負け犬の傷に、キス
ダイニングテーブルについたお母さんとお父さんは、そろってあくびをした。宵にも伝染する。みんな眠たそう。
わたしと宵でテーブルに朝食を準備している間に、お父さんは新聞を広げた。
ページをめくると『薬物使用者大量逮捕』の見出しが。
小さく写真も載っていた。
この街のはずれにある廃ビルだ。
そういえば希勇くんたちが戦ったあと、警察を呼んだんだっけ。
全国紙の新聞に載るくらいすごいことをしてたんだな……。
「お手柄だな」
お父さんは一瞬わたしを見た。
その記事に希勇くんが関わってることは話してない。
それなのに気づいて……?
「お手柄だけど……こっちはてんてこまいよ」
お母さんの目の下には濃いクマができていた。
無糖じゃないコーヒーで眠気を吹き飛ばす。
カレンダーの昨日の日付には赤い丸印。
希勇くんたちが戦った次の日
両親は夜遅くまで病院で戦っていたんだろうな。
特にお母さんは精神科医だから大変だったかもしれない。
今日は月曜日。
しっかり休めていない両親に1週間の疲れがどっと出てもおかしくない。
「お疲れさま。
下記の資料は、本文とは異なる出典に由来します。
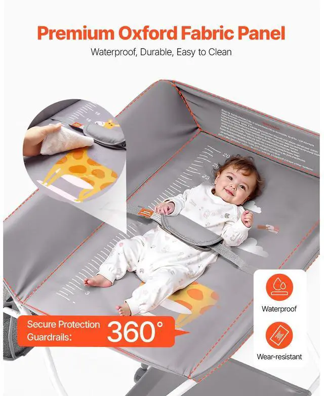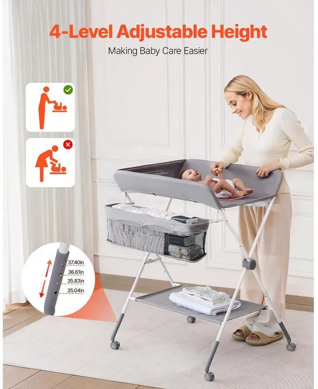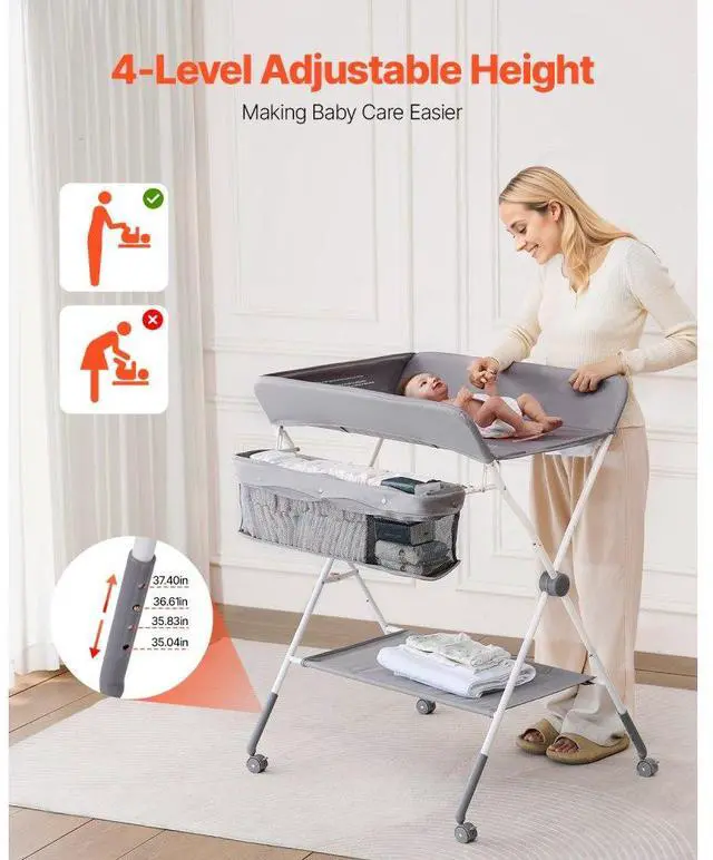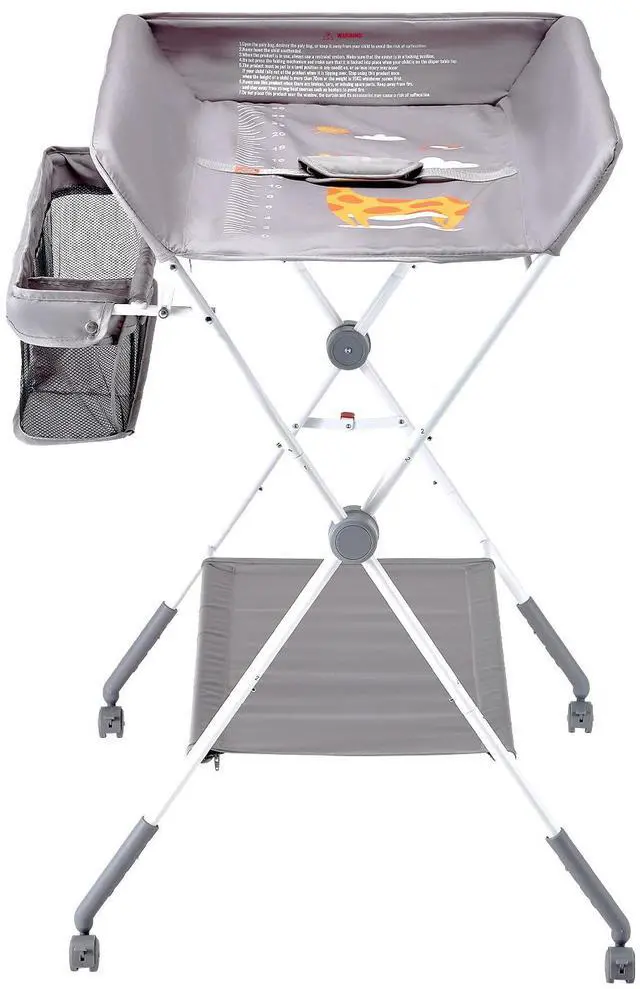 Foldable Baby Changing Diaper Station with Side Basket & Wheels Light Gray Portable Folding Design Spacious Storage Reliable Quality Multi-Function Design 360° Security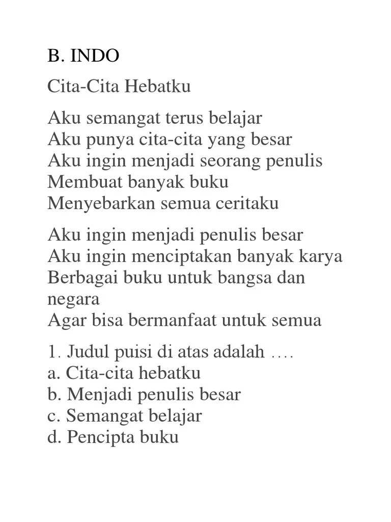 Kumpulan contoh puisi tentang cita cita menjadi dokter, guru, polisi, tentara, pramugari, pengusaha, pilot, koki, arsitek, desainer, hingga presiden.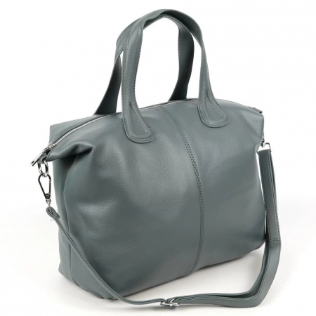 Женская бескаркасная сумка из искусственной кожи, серо-голубого цвета. Высота ручек 12 см. Сумка закрывается на молнию. Внутри отделение, разделенное карманом на молнии по середине и боковые кармашки, один на молнии и два открытых. Снаружи, на задней стенке-карман на молнии. На дне сумки металлические ножки. В комплекте наплечный ремешок, с максимальной длиной 110 см. Сумка вмещает формат А4.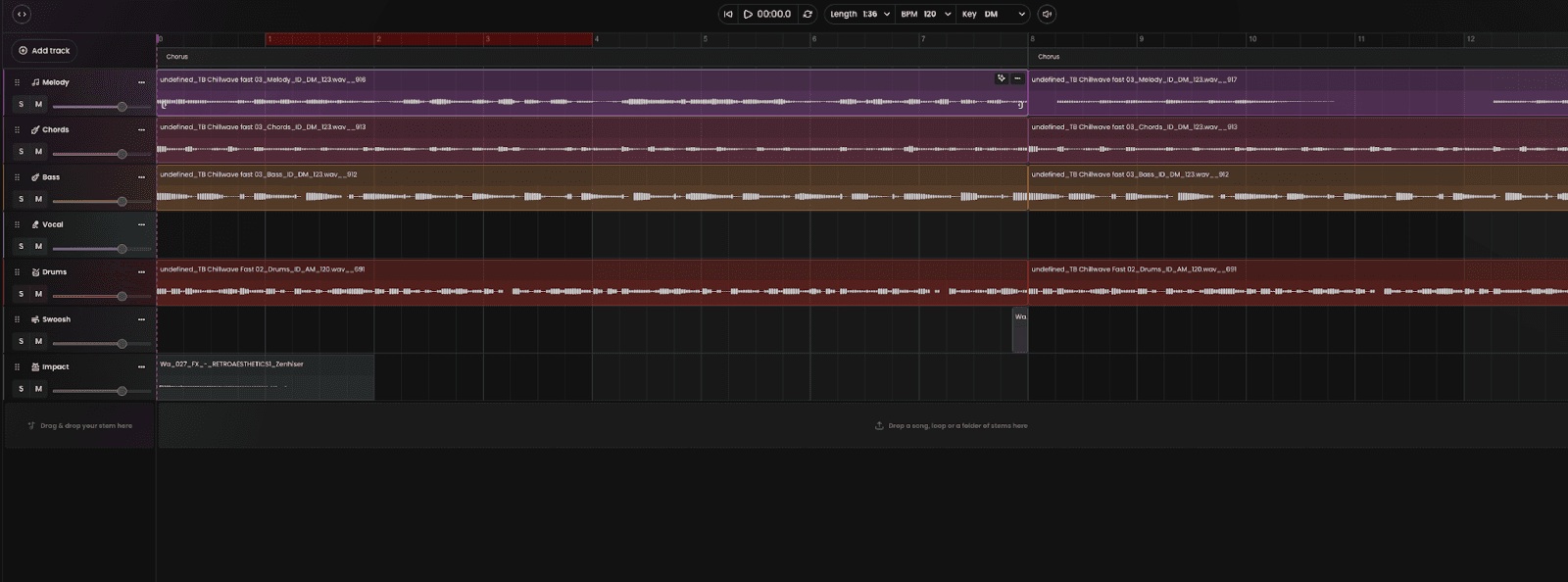 Once you are satisfied with the initial idea, whether it’s a generated song, loop or uploaded vocal, click "Move to Grid" or drag the element onto the grid to move to the next step.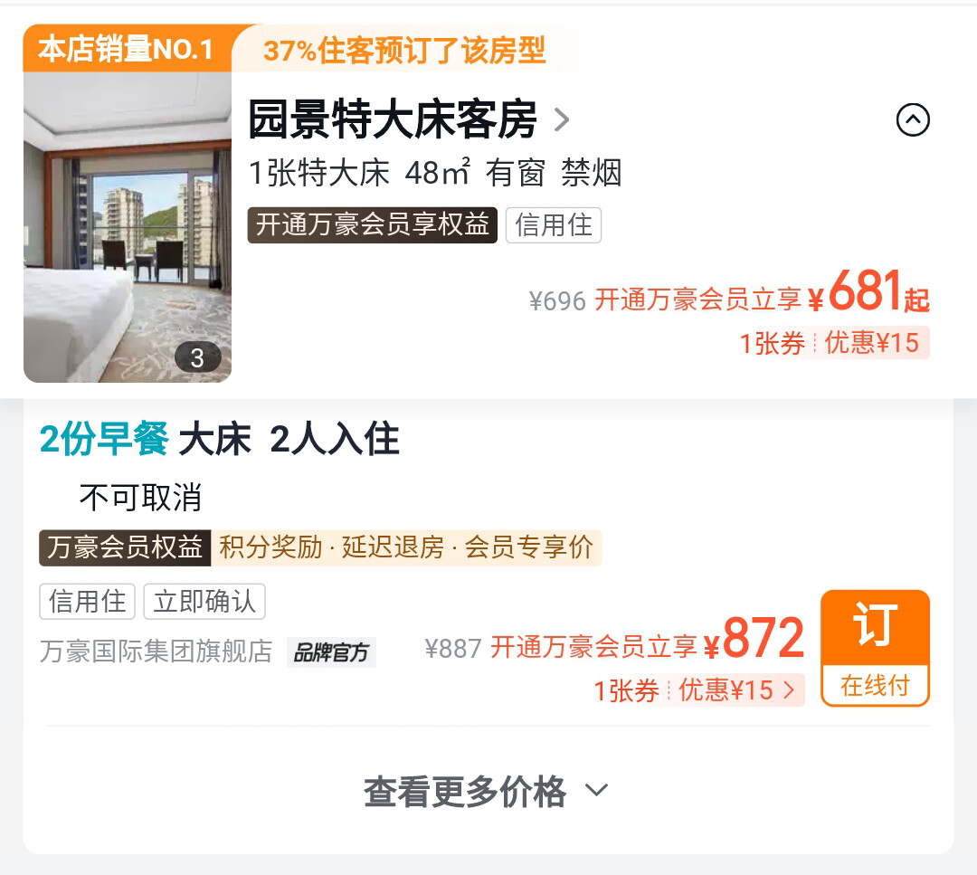 3、飞猪的88vip专享页面上有不少高等级酒店的套餐,但价格似乎比其他渠道都要贵,感觉不太靠谱。有会员表示,自己在88vip页面预订后,等到酒店入住时却发现价格更低了,大家觉得这是什么原因?
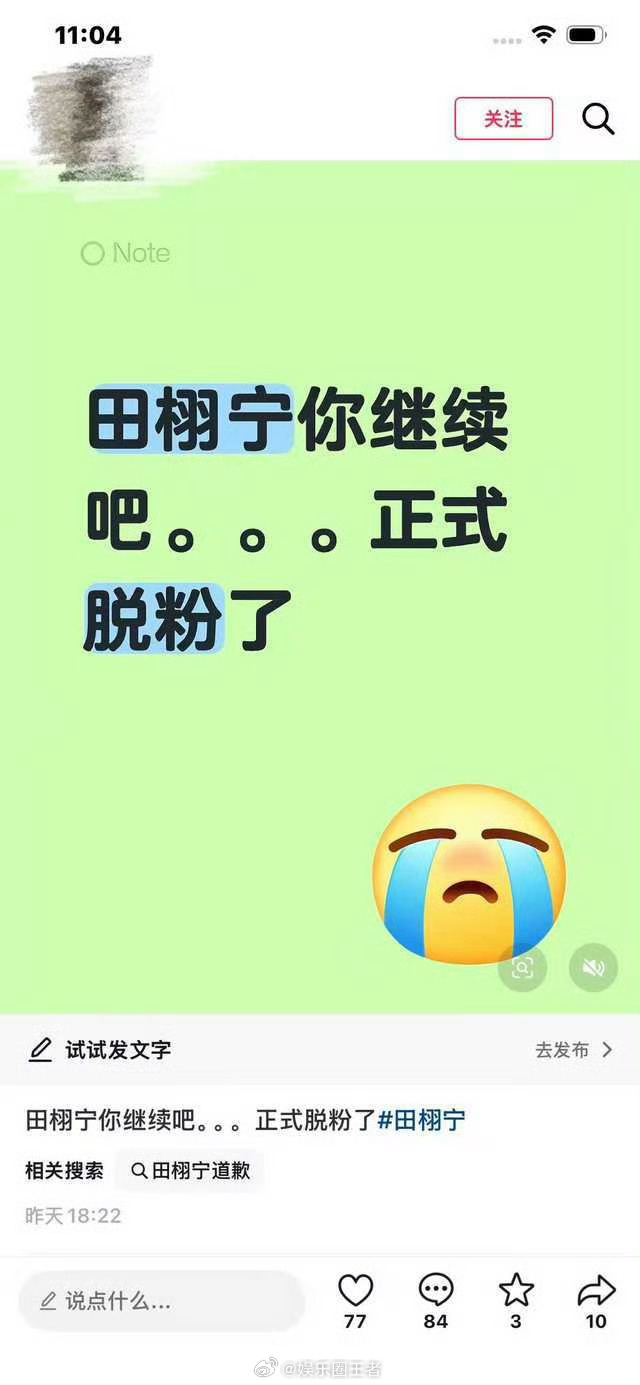 ???田栩宁粉丝表示!田栩宁你继续吧,正式脱粉了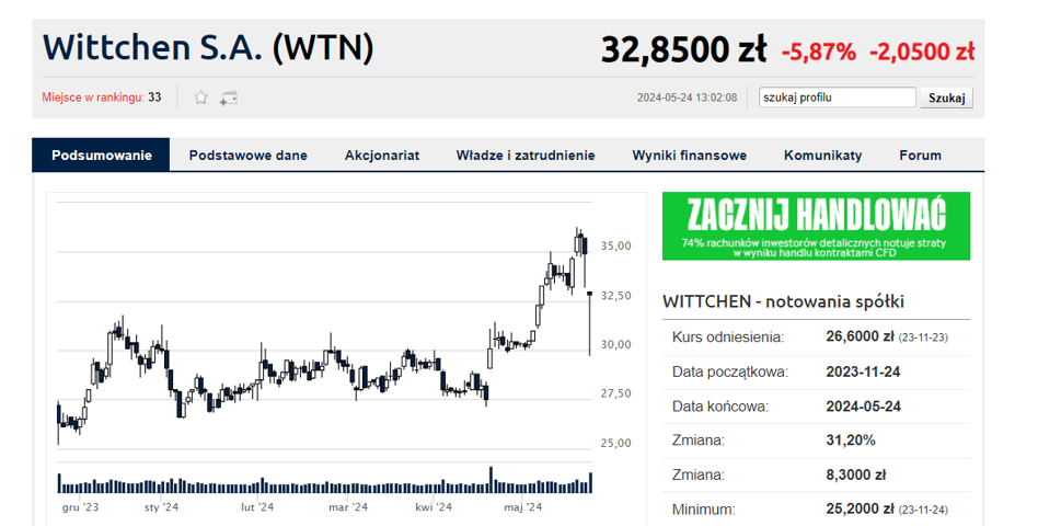 Z kolei najbardziej negatywny efekt dla giełdowego kursu miał raport wynikowy Wittchena. Spółka zanotowała pogorszenie we wszystkich kluczowych pozycjach rachunku zysków i strat. Przychody przez rok spadły o 3,5 proc., wynik EBITDA był gorszy już o 27 proc., wynik operacyjny spadł o 45 proc., a sam zysk więcej niż przepołowił się w porównaniu z I kwartałem roku ubiegłego i spadł do 4,9 mln zł. W ujęciu kwartał do kwartału zysk spadł aż o 76 proc. Tym samym kurs spadł na otwarciu sesji poniżej 30 zł za akcję, czyli o 15 proc. Potem odrobił część strat i po południu oddawał ok. 6 proc.

はい、これ!」
「ふたりにデザート作ったの」
ダイニングテーブルに最後のお皿を並べる。
小さなガラスの器に淡い黄色がきれいに輝く。
実は昨夜、宵と準備していた。
お母さんとお父さんのためのゼリー。
ひんやり冷たくて食べやすいと思うよ。
「りんごゼリー? いつの間に……」
「ありがとう。おいしくいただくわね」
喜んでくれた! サプライズ成功だ!
宵とニッと笑い合い、家族みんなで「いただきます」と手を合わせた。